9:51 a.m. - Ben Tzur talks for so long, around a half an hour, that he has to swap his mask. Feldman tells him to wrap things up.
9:56 a.m. - The lawyer hands the judges a printed timeline of the attorney-general's alleged flawed permit-giving process. 
"We should have gotten a short document from the attorney-general in which he says that he had permitted to launch a criminal investigation," Ben Tzur says. "There is no such document."
An argument erupts:
"You're ignoring the fact that there's a signed memo from the attorney-general that says he permitted the investigation," Judge Moshe Bar Am responds.
"The determining time [for the permit] is the actual criminal investigation. If that didn't happen, it's a criminal offense," Ben Tzur says.
10:07 a.m. - Then the lawyer steps up his argument: "This criminal investigation could result in a change of regime, hence procedures have to be impeccable."

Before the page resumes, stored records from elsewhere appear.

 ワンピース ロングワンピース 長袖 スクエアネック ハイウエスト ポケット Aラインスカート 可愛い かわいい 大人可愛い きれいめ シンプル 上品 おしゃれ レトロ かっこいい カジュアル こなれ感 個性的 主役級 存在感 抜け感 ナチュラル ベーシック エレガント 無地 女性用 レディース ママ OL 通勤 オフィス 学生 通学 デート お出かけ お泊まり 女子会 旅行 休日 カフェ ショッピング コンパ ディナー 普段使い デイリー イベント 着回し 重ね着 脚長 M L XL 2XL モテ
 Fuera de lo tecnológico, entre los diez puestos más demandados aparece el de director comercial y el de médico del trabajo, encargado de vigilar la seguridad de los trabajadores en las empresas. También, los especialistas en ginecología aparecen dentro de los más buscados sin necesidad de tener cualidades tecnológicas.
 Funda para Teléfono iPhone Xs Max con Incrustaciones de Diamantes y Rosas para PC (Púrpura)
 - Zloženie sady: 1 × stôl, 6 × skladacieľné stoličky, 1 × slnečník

He says that the police and prosecution acted in a partisan way against Netanyahu and that the Police and Israel Securities Authority investigated cases 1000 and 4000 without permits, "which is very severe."

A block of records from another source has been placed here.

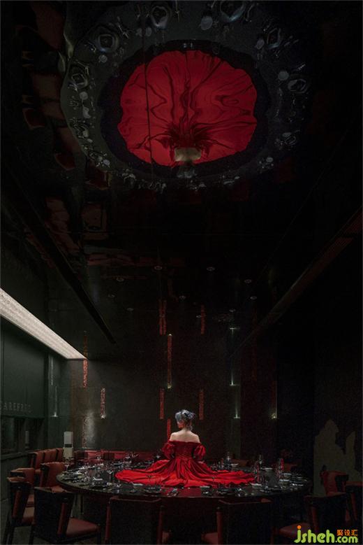藝術(shù)走廊呈現(xiàn)出一幅“疏竹月影”的圖景,成都餐廳設(shè)計師以四川盛產(chǎn)的竹子為原材料,定制成極富藝術(shù)氣息的大紅色幾何形吊飾。極富視覺張力的造型反射在鏡面墻壁上,疏落有致的的照影自有一番落月?lián)u情的詩韻。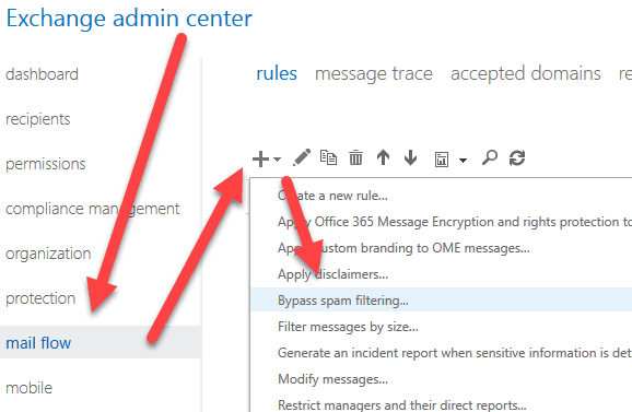 - Mail Flow | + icon | Bypass spam filtering: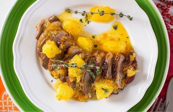 6 Апельсины разделите на дольки, очистите от пленок, нарежьте половинками и добавьте в соус. Утку нарежьте ломтиками и полейте апельсиновым соусом.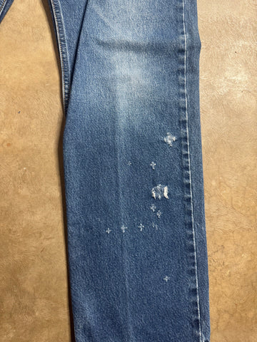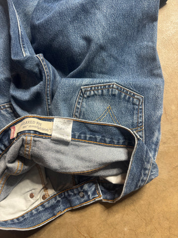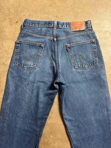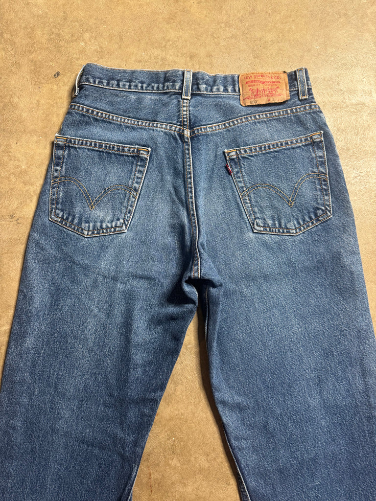 Early Y2K Levi’s 550 Jeans. Tag reads “W31 L30”. High Rise/ Relaxed Fit/ Tapered Leg/ Zipper Closure. 100% cotton + non stretch vintage denim (size up if it’s your first time buying vintage). Best fit for a 30” waist depending on desired fit. No try ons! Please refer to measurements below. Please note pairs are atleast 20 years old and may have signs of wear.

He holds up court documents with several blackouts. 
"If this fragment was a permit to investigate [Shlomo] Filber, to investigate Case 4000, then Case 4000 would have never been investigated by the ISA, it would have been investigated by Police."

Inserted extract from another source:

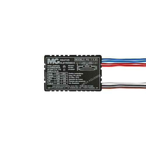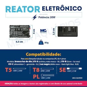 Reator eletrônico margirius para ligar uma lâmpada tubular ultravioleta uvc uva uvb germicida, actínica, grow, luz negra ou branca luz do dia comum fluorescente de 20wOs reatores eletrônicos da margirius são os mais indicados para as lâmpadas ultravioletas germicida, actínica, grow, luz negra ou para lâmpadas comuns de quatro pinos. São de fácil instalação e geram uma economia de 30% em comparação aos reatores eletromagnéticos.Características:Indústria nacional SeguroCompactoModelo ideal para ligar lâmpada ultravioleta germicidaReator eletrônico para acender uma lâmpadaPara lâmpada de 4 pinos fluorescentePartida instantânea30% mais econômico em relação aos modelos eletromagnéticosMaior eficiência e durabilidade para as lâmpadasNão é a prova dáguaCompatibilidade:Modelos de lâmpadas: t5 t8 t10 t12 se plQuantidade de pinos na lâmpada: 4Potência da lâmpada: 16w 18w 20w 21w 24w 25wTipos de lâmpadas:Comum e ultravioletas:Branca luz do diaUva actínica, mata mosca - bl Uvb grow - luz rosa Uvc ultravioleta c - germicida - gl Luz negra efeito neon - black light blue - blb Especificações:Fabricante: margiriusModelo: pg - 1x20Voltagem: pode ser ligado em 110v ou 220vDimensões: 6,5 x 3,5 x 4cm larg x alt x profundidadePeso: 80gCorrente: 0,29a 127v / 0,17a 220v Potência: 22w 127v / 21w 220v Temperatura máxima de trabalho: 75cObservações e precauções:A instalação deve ser feita por um profissional especializadoInstalar o reator conforme o esquema de ligação gravado no corpo do produto;Isolar corretamente o fio não utilizadoTrocar a s lâmpada s somente com o reator desligadoNão instalar o reator em ambientes úmidos, sujeito a intempéries ou em locais em que a temperatura ambiente seja inferior a 10ºc ou superior a 45ºc;Não recomendamos aumentar o comprimento dos cabos da s lâmpada s por mais de 2 metros, bem como enrolá-los ou trançá-los entre si ou com outros cabos.Obrigado pela visita e boas comprasAtençãoNossas imagens e textos são registrados e com direito de uso autoral controlado e reservado a essa loja e as lojas parceiras devidamente autorizadas em contrato.

10:44 a.m. - Lawyer Amit Hadad begins arguing for Netanyahu: "There's no hint [in the memo] to Case 1000, they're only talking about Case 2000."
And he said that investigations could be seen from as early as April. 
"There is no question that those took place prior to the attorney-general's permit," he says. 

11:01 a.m. - Friedman-Feldman tells the defense it must cease to ramble.
"Who is speaking on behalf of the prosecution?" she asks.
Lead prosecutor Liat Ben-Ari starts to talk: "We have not heard anything new from Boaz Ben-Tzur," she says. "We're heard it all and responded to it all. But we would like to say that there was no violation. There was an attorney-general permit. It is all documented."
Friedman-Feldman: "Boaz is saying there is no appropriate permit."
Ben-Ari: "There is no demand for agreement in writing... Things were documented and written down, even if that is not how Boaz wants them to be."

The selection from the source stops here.